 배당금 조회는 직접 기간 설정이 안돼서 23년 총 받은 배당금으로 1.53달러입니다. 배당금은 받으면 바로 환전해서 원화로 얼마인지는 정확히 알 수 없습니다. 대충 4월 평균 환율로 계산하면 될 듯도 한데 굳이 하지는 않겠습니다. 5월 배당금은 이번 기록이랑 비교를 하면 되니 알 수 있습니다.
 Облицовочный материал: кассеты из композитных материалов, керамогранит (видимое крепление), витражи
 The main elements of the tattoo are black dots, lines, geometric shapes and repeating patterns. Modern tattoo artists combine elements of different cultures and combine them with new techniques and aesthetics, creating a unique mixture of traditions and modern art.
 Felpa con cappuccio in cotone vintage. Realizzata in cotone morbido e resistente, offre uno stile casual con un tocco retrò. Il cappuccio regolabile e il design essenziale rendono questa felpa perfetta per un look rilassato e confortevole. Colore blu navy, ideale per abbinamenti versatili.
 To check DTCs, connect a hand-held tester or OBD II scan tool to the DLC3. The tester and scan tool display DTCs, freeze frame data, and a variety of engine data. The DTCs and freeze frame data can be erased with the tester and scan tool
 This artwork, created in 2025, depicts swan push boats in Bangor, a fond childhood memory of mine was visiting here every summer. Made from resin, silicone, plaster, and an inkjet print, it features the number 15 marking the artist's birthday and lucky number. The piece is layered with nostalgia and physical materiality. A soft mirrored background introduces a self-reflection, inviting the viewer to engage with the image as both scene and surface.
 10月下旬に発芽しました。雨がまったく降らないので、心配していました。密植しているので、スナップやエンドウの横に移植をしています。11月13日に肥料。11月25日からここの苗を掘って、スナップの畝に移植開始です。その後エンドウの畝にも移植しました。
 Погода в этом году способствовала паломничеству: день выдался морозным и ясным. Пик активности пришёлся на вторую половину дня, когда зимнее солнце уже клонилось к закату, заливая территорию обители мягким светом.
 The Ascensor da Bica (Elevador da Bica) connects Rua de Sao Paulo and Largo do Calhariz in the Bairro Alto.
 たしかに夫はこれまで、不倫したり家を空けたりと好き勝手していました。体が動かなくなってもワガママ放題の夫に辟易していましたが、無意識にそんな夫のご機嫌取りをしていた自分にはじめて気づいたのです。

# Task directions
In the data above, find the line that contains "Облицовочный материал: кассеты" and the line that contains "This artwork, created". Repeat exactly those lines and every line between them, and only those.

# Response to this exercise
 Облицовочный материал: кассеты из композитных материалов, керамогранит (видимое крепление), витражи
 The main elements of the tattoo are black dots, lines, geometric shapes and repeating patterns. Modern tattoo artists combine elements of different cultures and combine them with new techniques and aesthetics, creating a unique mixture of traditions and modern art.
 Felpa con cappuccio in cotone vintage. Realizzata in cotone morbido e resistente, offre uno stile casual con un tocco retrò. Il cappuccio regolabile e il design essenziale rendono questa felpa perfetta per un look rilassato e confortevole. Colore blu navy, ideale per abbinamenti versatili.
 To check DTCs, connect a hand-held tester or OBD II scan tool to the DLC3. The tester and scan tool display DTCs, freeze frame data, and a variety of engine data. The DTCs and freeze frame data can be erased with the tester and scan tool
 This artwork, created in 2025, depicts swan push boats in Bangor, a fond childhood memory of mine was visiting here every summer. Made from resin, silicone, plaster, and an inkjet print, it features the number 15 marking the artist's birthday and lucky number. The piece is layered with nostalgia and physical materiality. A soft mirrored background introduces a self-reflection, inviting the viewer to engage with the image as both scene and surface.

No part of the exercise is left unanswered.